Creatine is the sports nutritional supplement most used by rugby players. Why is it so popular? Well, in simple terms, it’s popular because it works. You can see results quickly, and unlike some more “hyped” supplements, it’s relatively cheap to buy.
Creatine can help rugby players in several ways:
Increased muscle strength and power: tackle harder, push harder, etc.
Enhanced endurance and recovery – perform at higher levels on the pitch
Enhanced Anaerobic Capacity – Run faster and more consistently during a game
Improved Brain Function – Focus and make better, faster decisions on the pitch
Plus, there’s the more obvious benefit of increasing muscle size, giving you a more dominant look on the field and helping to prevent impact injuries.
Creatine is a compound that is involved in the production of energy in the body, in the form of adenosine triphosphate (ATP). Manufactured in the liver, approximately 95% of the body’s creatine ends up being stored in the skeletal muscles, with the remaining 5% found in the brain, heart, and blood cells. Once used, creatine is converted to a waste product called creatinine and is excreted in the urine.
Creatine is found in small amounts in red meat and fish. However, much of it is destroyed by cooking. It is also produced naturally in the body from L-arginine, L-glycine, and L-methionine, amino acids found primarily in animal protein. Insulin is necessary for creatine to enter your muscles, so consuming carbohydrates with creatine can increase the amount of creatine available to your muscles. Creatine is not a steroid and therefore does not have any of the side effects known to be found with those drugs. Our body produces one gram each day of protein. We also eat about a gram of creatine each day from meats such as beef, chicken, or fish.

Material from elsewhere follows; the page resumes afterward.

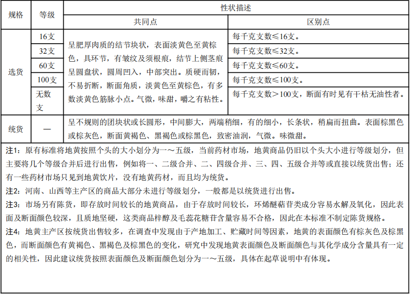 根據(jù)市場流通情況,對藥材是否進行等級劃分,將地黃分為“選貨”和“統(tǒng)貨”兩個規(guī)格。

If you are a vegetarian, taking creatine supplements is even more important for further muscle growth and strength development.
As a rugby player, when we take extra creatine, you can store more energy. If you take creatine before a match or training session you will have more energy both at the beginning and throughout the match. When lifting weights, creatine allows you to train harder, allowing you to lift more weight and with higher levels of resistance. This, in turn, allows you to gain strength and lean muscle size which, as a rugby player, has obvious benefits for your “on the pitch” performance levels.
With regular creatine monohydrate powder, many people suggest “loading” 15-20 grams per day for a week. The dose can then be reduced to a maintenance dose of 5 grams per day. The idea is to make sure people get more than enough creatine to make sure it makes a difference in athletic performance. Personally, I don’t subscribe to this theory, and that’s it, it’s a theory. These high doses do not translate to higher levels of creatine in the muscle and may explain some of the side effects of creatine monohydrate powder.
Despite so many positive results, some rugby players report stomach pains, diarrhoea, increased urination (which is obviously not desirable in the middle of a game), and muscle cramps. When high doses of powder enter the stomach, they draw water from the body and cause cramps in the intestine. I personally prefer to take creatine in tablet or capsule form. It is more convenient and appears to be a more effective and efficient way to take it. Check the dosage levels of your tablets and remember that versions of Creatine such as Ethyl Ester and Kre-Alkalyn require lower dosage levels. I would recommend on training days to take half the dose 45 minutes before training and the other half 30 minutes after training, with the same protocol that is also applied on match days. On non-training days, take the full dose as one dose with a meal.
The results seen from creatine supplementation may vary. If a player doesn’t eat much protein from meat or fish, they may have lower creatine levels and see a dramatic improvement with supplementation. Also, stomach acid destroys creatine, so the amount a person absorbs can be too much or too little depending on a person’s stomach acid level. This last reason is one of the reasons why Ethyl Ester and Kre-Alkalyn are often preferred.
Creatine is safe for long-term use. Many natural bodybuilders have taken the product consistently for many years, many in extremely high doses, all without proven toxicity or long-term injury. No controlled scientific study has shown serious side effects or toxicity. In older times, man as a species ate a lot of meat and consumed high concentrations of creatine in meat for long periods of time, without any known ill effects. The creatine in his body gradually changes to a substance called creatinine, a waste product that is excreted by the kidneys. High levels of dust can raise creatinine, but this does not harm the kidneys. Creatinine is not known to be toxic. I always recommend that anyone taking creatine increase their fluid intake, which again helps prevent any problems associated with the kidneys.
In summary, Creatine supplementation can improve the performance and physical strength levels of Rugby players both during training and during a match without negative side effects if taken correctly.